Thank you and Good day.
Eyal

HuguesTHOMAS · 2021-02-01T17:43:51Z

You can reduce the batch size a little but I would not recommend using a value smaller than 4 or 5.
The other parameter that you can reduce is the input radius or in the same manner, you can increase the first subsampling dl. The number of points in each input sphere is directly controlled by the ratio between input radius and subsampling dl.

eyalol · 2021-02-01T18:26:18Z

You can reduce the batch size a little but I would not recommend using a value smaller than 4 or 5.
The other parameter that you can reduce is the input radius or in the same manner, you can increase the first subsampling dl. The number of points in each input sphere is directly controlled by the ratio between input radius and subsampling dl.

I don't think it's a good idea, I should probably modify the data loader to load the point cloud in tiles. any advice regarding this topic would be wonderful.

Thanks for everything Hugues.

HuguesTHOMAS · 2021-02-01T18:35:51Z

Why wouldn't it be a good idea? I don't see how tiles would solve your issues. Are you using my data loader which picks random spheres in the point clouds? If yes, I can definitely tell you that reducing the sphere radius is a good idea. I often found it improved the performances

eyalol · 2021-02-01T18:51:22Z

As of today, I've tried training the entire DALES dataset on my 16GB GPU, which went into CUDA memory error in the backward call. afterward tried training just one of the samples, and still got the CUDA memory error, so I assume tuning hyperparameters wouldn't really make a difference with loading the entire set (Correct me if I'm wrong).
Thus I can tell that I have severe RAM issue, so splitting to tiles would probably solve this issue, just like patches in images, I
I plan on loading them one by one to the GPU and run the network each time, instead of loading the whole dataset into memory. If I'm not wrong I think you even mentioned this idea in one of the issues regarding the DALES dataset.
Would like to hear what you think.

eyalol · 2021-02-03T16:01:24Z

Hello again! @HuguesTHOMAS I've tried running the network on just one ply file of dales, containing about 1 million points, with:
batch_num = 4
in_radius = 20
num_kernel_points = 15
conv_radius = 2.5
deform_radius = 6

And still got the CUDA error on my 16GB GPU.
Does it makes sense to you? or do you think something's wrong with my GPU?

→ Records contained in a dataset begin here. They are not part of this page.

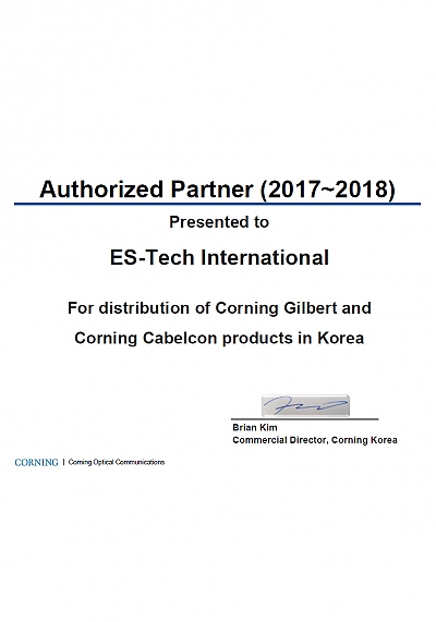 Corning 대리점 인증서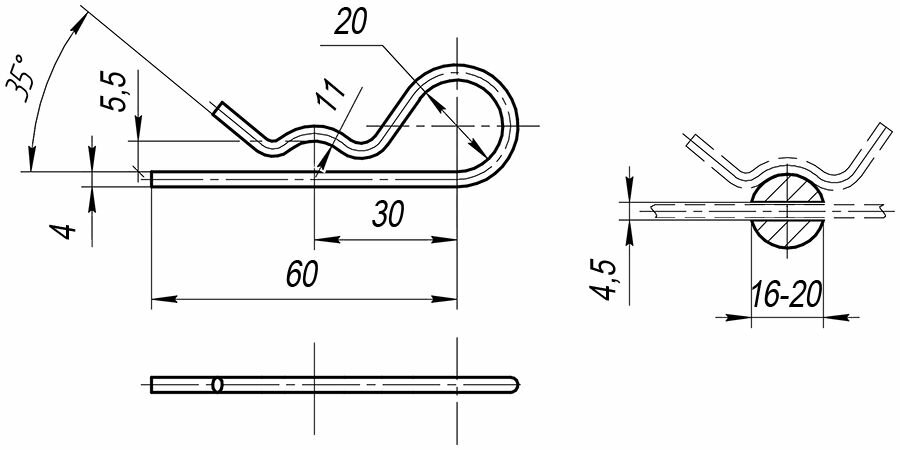 Шплинт Алтервиа 4х60, DIN 11024, Form Е A00002.240060 пружинный, игольчатый, с одиночной навивкой. **Материал:** * Нержавеющая сталь 08Х18Н10 **Исполнение:** * Нержавеющая сталь без покрытия. * Подходит для отверстия с Ø 4,5 мм. * Для вала/оси/пальца Ø 16 - 20 мм.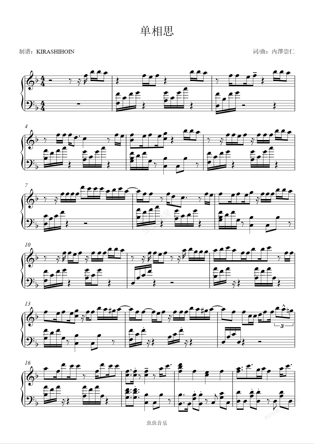 钢琴谱:カタオモイ/单相思

Really appreciate the help,
Thanks,
Eyal

HuguesTHOMAS · 2021-02-03T19:58:50Z

What is the value of first_subsampling_dl?

eyalol · 2021-02-03T20:27:55Z

@HuguesTHOMAS it's 0.250

Best Regards,
Eyal

HuguesTHOMAS · 2021-02-03T22:25:31Z

ok. This is a fare value, can you try to reduce in_radius to 10.0 and see if there is still a CUDA OOM error?

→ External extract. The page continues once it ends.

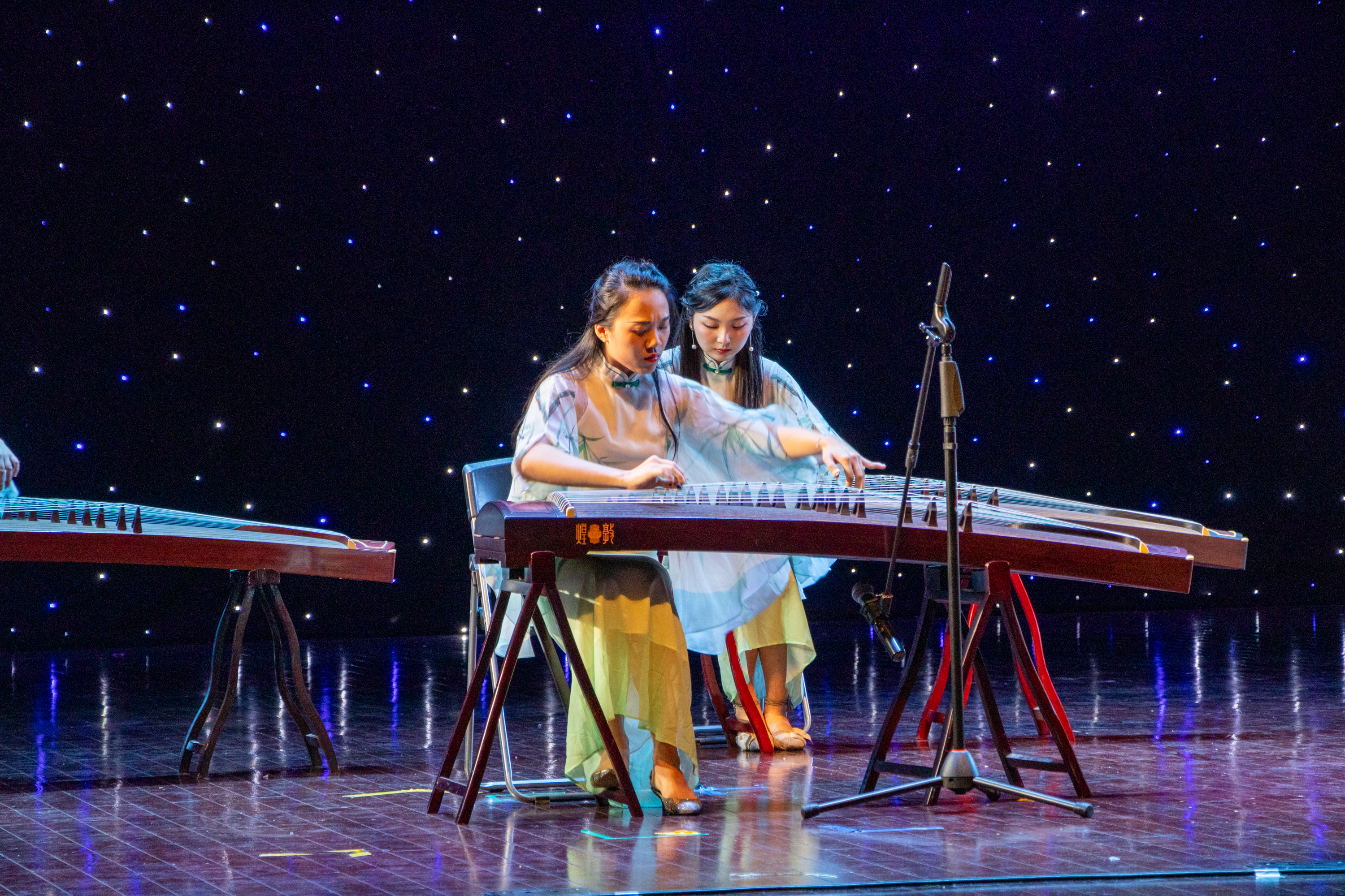 首先由艺术学院金家玉老师和6名学生带来的古筝合奏《战台风》气势磅礴,音乐形象鲜明,时而紧张激烈,时而优美抒情,“大弦嘈嘈如急雨,小弦切切如私语”。听众们仿佛看到码头工人英勇奋战台风的英雄形象。
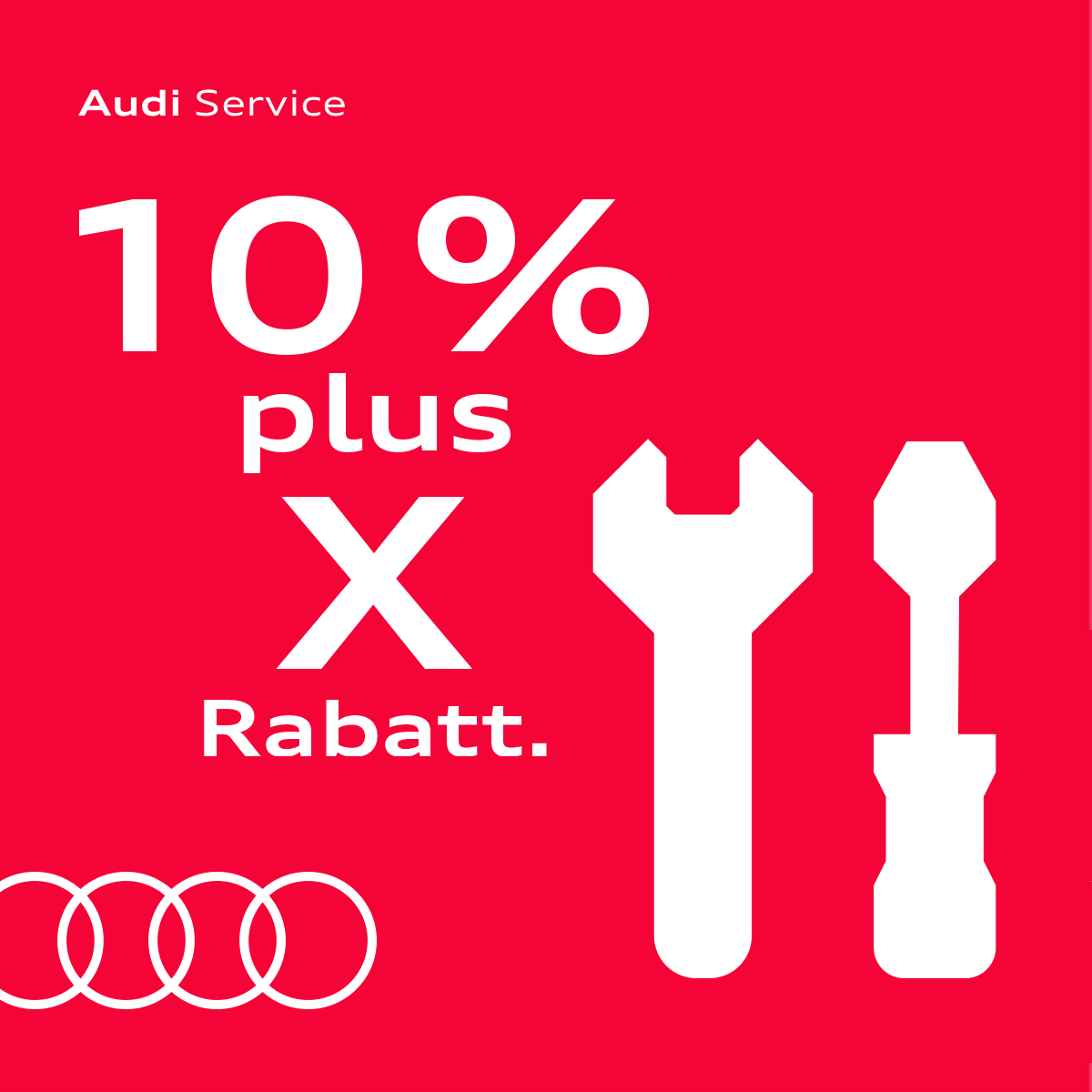 ¹ Für Audi-Fahrzeuge älter/gleich 4 Jahre ab dem Erstauslieferungsdatum welche innerhalb der letzten 12 Monate vor Auftragsannahme keinen Werkstattaufenthalt bei einem Audi Service Partner in Deutschland hatten. Der Rabatt wird gewährt auf Materialkosten. Bei der Ermittlung der zusätzlichen X Prozent werden nur volle Jahre berücksichtigt.

Can you also print the error message that you get?

eyalol · 2021-02-12T19:32:40Z

@HuguesTHOMAS Sorry for the late response, I ran it now with in_radius = 10.0 as you said, and it works.
Now I should probably need to check how I'm gonna split it to tiles for the training process. Do you agree?
After all I don't want the hardware to dictate which hyper-parameters i can use.

HuguesTHOMAS · 2021-02-12T20:24:20Z

Hardware always dictates which hyperparameter you are using when you do Deep Learning. You can see in_radius as the zoom of an image if you were doing 2D CNNs and first_subsampling_dl would be the resolution of the image. Obviously, you have to adapt these values to your hardware. Or reduce the memory consumption by using a smaller network.

eyalol · 2021-02-12T20:41:24Z

You are absolutely right. I'm just confused, I've seen in Argun's repo that he could train KPConv on the whole DALES dataset with hardware the same as I have, and I can't even train on a single example, (out of 30~ training examples.) though using the same hyper-parameters as he did, maybe he split the data to tiles, although I've looked into his code and didn't see anything like it.

So I'm saying - in order to overcome this gap, I'll split the data into tiles, as often done in 2D deep learning, instead of letting the hyper-parameters dictate that i can train just on one example, or train on a shallow network with small in_radius that could cause less good results.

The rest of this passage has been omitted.